Step by step solution
01
Find the initial pressure
First, we need to find the initial pressure of the gas. We can use the ideal gas law to do this:
\[PV = nRT\]
Where:
P = Pressure
V = Volume
n = Number of moles
R = Ideal gas constant (\(8.314 \frac{J}{mol \cdot K}\))
T = Temperature in Kelvin
Plugging in the given values:
\[\textnormal{P} \times 10.5 \ \textnormal{L} = 2.50 \ \textnormal{mol} \times 8.314 \ \frac{\textnormal{J}}{\textnormal{mol} \cdot \textnormal{K}} \times 325 \ \mathrm{K}\]
Now, we can solve for the initial pressure:
\[P = \frac{2.50 \ \mathrm{mol} \times 8.314 \ \frac{\textnormal{J}}{\textnormal{mol} \cdot \textnormal{K}} \times 325 \ \mathrm{K}}{10.5\ \textnormal{L}} \approx 644.5 \frac{\textnormal{J}}{\textnormal{L}}\]
02
Find the final pressure
Now that we have the initial pressure, we can find the final pressure after the gas has expanded to the final volume. Since the expansion is isothermal, the temperature remains constant. We can use the ideal gas law again to find the final pressure:
\[PV = nRT\]
Plugging in the values, with the new volume:
\[\textnormal{P} \times 60.0 \ \textnormal{L} = 2.50 \ \textnormal{mol} \times 8.314 \ \frac{\textnormal{J}}{\textnormal{mol} \cdot \textnormal{K}} \times 325 \ \mathrm{K}\]
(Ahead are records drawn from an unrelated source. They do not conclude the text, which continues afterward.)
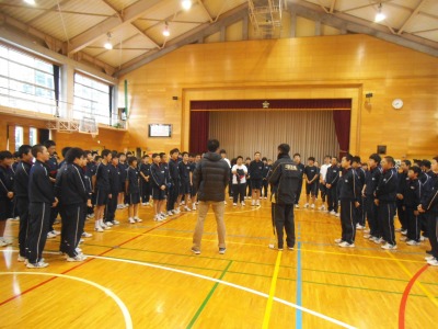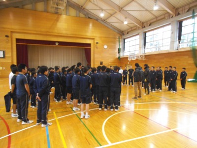 100名を超える1年から3年生が参加していました。雪にも負けず早起きです。
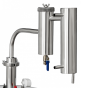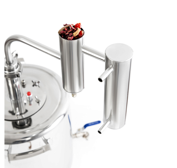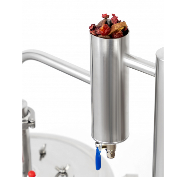 Сухопарник — ёмкость между баком и холодильником, предотвращает попадание вредных примесей в конечный продукт. Разборный сухопарник — это особенность дистиллятора «Феникс-Мечта-New», он выдаёт чистый продукт крепостью до 70%. С помощью сухопарника проводится и ароматизация напитка: положите в ёмкость кусочки фруктов, цитрусовые корки или пряности и получите авторский алкоголь с индивидуальным вкусом и ароматом. Важно соблюсти условие — наполнять резервуар только на 70%, чтобы оставалось место для спиртовых паров. Широкая горловина бака (11,5 см) даёт возможность с лёгкостью заливать брагу, а также мыть бак после использования. Классический змеевик в проточном холодильнике делает процесс конденсации пара эффективным, и на выходе Вы получаете уже охлаждённый продукт.
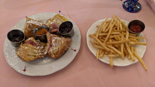 This place is hard to accurately describe... The opulence of Graceland coupled with the decor of a Brothel is probably as good a description as any. In a word, tacky. Actually in two words, VERY tacky but I digress. After your eyes adjust to the dim lighting, they are unapologetically assaulted by the color pink. As bad as all that was, the food and service made it worth every minute. There were 15 of us that came on Mothers Day. The place was a zoo but they treated us super! They had our table set up in no time and our waiter was right there taking drink and appetizer orders with a jovial spirit and a big smile. When we got our food orders everyone dug in and enjoyed their choices. I dont remember what everyone had but as usual I of course had the Reuben. It was just right. Tender meat, not too saucy, just enough sauerkraut and bread that wasnt too soggy or hard. I couldnt finish it and I think everyone took something back to the hotel with them. All-in-all this was a good place to eat, dont be in a hurry, wear some sunglasses and for goodness sake, try the Reuben ;)
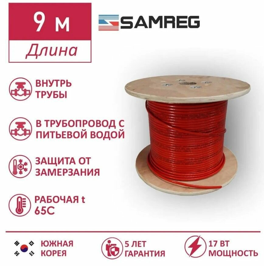 Саморегулирующийся пищевой греющий кабель Samreg 17HTM-2CT (9м), красный
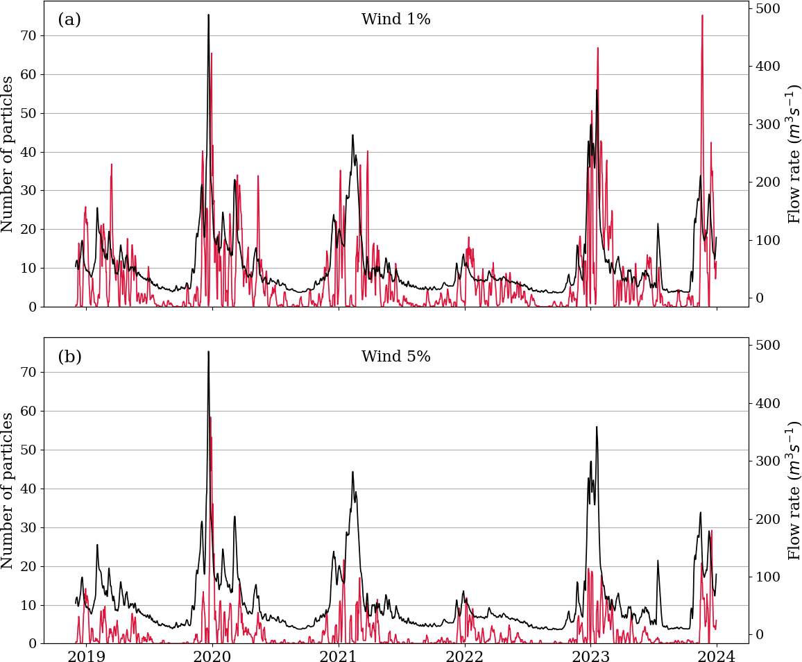 Figure 5Daily time series of number of beached particles for Ladeira beach (red) and Ulla river flow rate (black), for 1 % wind (a) and 5 % wind (b).

Now, we can solve for the final pressure:
\[P = \frac{2.50 \ \mathrm{mol} \times 8.314 \ \frac{\textnormal{J}}{\textnormal{mol} \cdot \textnormal{K}} \times 325 \ \mathrm{K}}{60.0\ \textnormal{L}} \approx 107.4 \frac{\textnormal{J}}{\textnormal{L}}\]
03
Calculate ΔG and ΔA for the isothermal reversible path
For an isothermal reversible process, we can use the following formulas to calculate the change in Gibbs free energy (ΔG) and Helmholtz free energy (ΔA):
\[\Delta G = -nRT \ln \frac{P_{\textnormal{final}}}{P_{\textnormal{initial}}}\]
\[\Delta A = -nRT \ln \frac{V_{\textnormal{final}}}{V_{\textnormal{initial}}}\]
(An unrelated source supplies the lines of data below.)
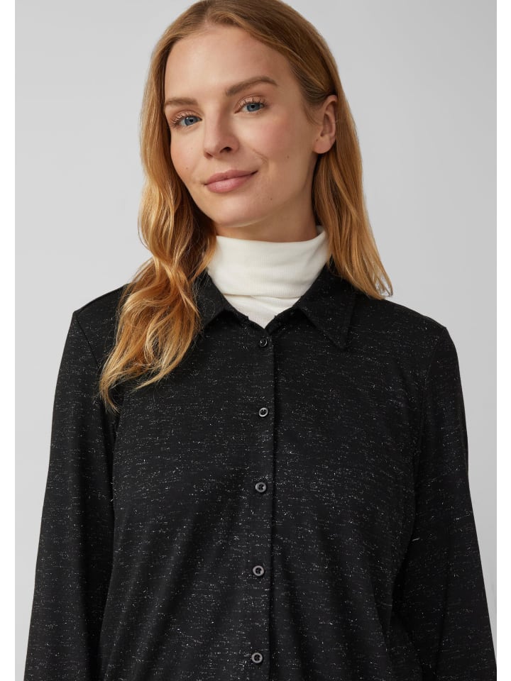 Элегантная трикотажная блузка с мерцающей блестящей пряжей для непринужденного, повседневного образа. Удлиненный задний подол и классический рубашечный воротник добавляют элегантности мягкому вискозному миксу. Застежка на пуговицы и свободный крой.
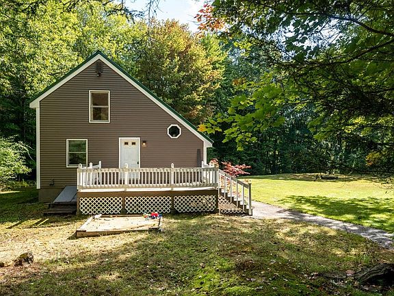 Looking for a home away from it all, but close to shopping and commuter routes? Located almost at the end of a privately maintained road you will find this gem of a 2+ bedroom home that is ready for its next owner to call their own! Enjoy the large, level yard with plenty of sunshine for a garden and complete with a large shed for storage, a chicken coop, and a fire pit as well. Enjoy a beverage any time of day on your large front deck or on the back deck. When it is time to come in out of the weather, enter into the rustic open concept first floor! Inside feels like you have entered a cozy log home with many wood features. Cook in your kitchen as your guests sit at the bar and chat or sit by the woodstove in the living room. If you are looking for some private space, the first floor has a separate room that could be an office or a first floor bedroom. Next to the kitchen you will find a full bathroom with high ceilings making it feel much more spacious than it is! Upstairs you will find 2 large rooms with plenty of storage and natural light. The basement has high ceilings and space to do laundry and a workshop. It is great to store your stuff or to finish for future extra space to hang out! Showings are delayed until Friday 9/30 by appointment with a public open house on Saturday 10:30a-12p.
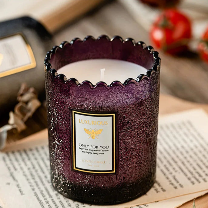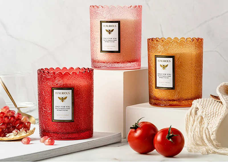 Part of the Aurora Glass Collection, Amber Glow is a texured glass candle that glows like dusk on the water. Magnolia and citrus open the fragrance with a fresh lift, persimmon and orange add juicy depth, and the copaiba balsam with golden amber create a smooth, resinous finish. Clean and smokeless, it delivers up to 40 hours of lumious fragrance while the lacy relief glass jar double as elegant decor.

Using the calculated final and initial pressures, and the given final and initial volumes:
\[\Delta G = -2.50 \ \textnormal{mol} \times 8.314 \ \frac{\textnormal{J}}{\textnormal{mol} \cdot \textnormal{K}} \times 325 \ \mathrm{K} \times \ln \frac{107.4 \frac{\textnormal{J}}{\textnormal{L}}}{644.5 \frac{\textnormal{J}}{\textnormal{L}}} \approx -13462.6 \ \textnormal{J}\]
\[\Delta A = -2.50 \ \textnormal{mol} \times 8.314 \ \frac{\textnormal{J}}{\textnormal{mol} \cdot \textnormal{K}} \times 325 \ \mathrm{K} \times \ln \frac{60.0 \ \textnormal{L}}{10.5 \ \textnormal{L}} \approx -13462.6 \ \textnormal{J}\]
For the isothermal reversible process, ΔG and ΔA are the same.
04
Calculate ΔG and ΔA for the isothermal expansion against constant external pressure
For an isothermal expansion against a constant external pressure equal to the final pressure, we can use the following formulas:
\[\Delta G = -nRT \ln \frac{P_{\textnormal{final}}}{P_{\textnormal{initial}}}\]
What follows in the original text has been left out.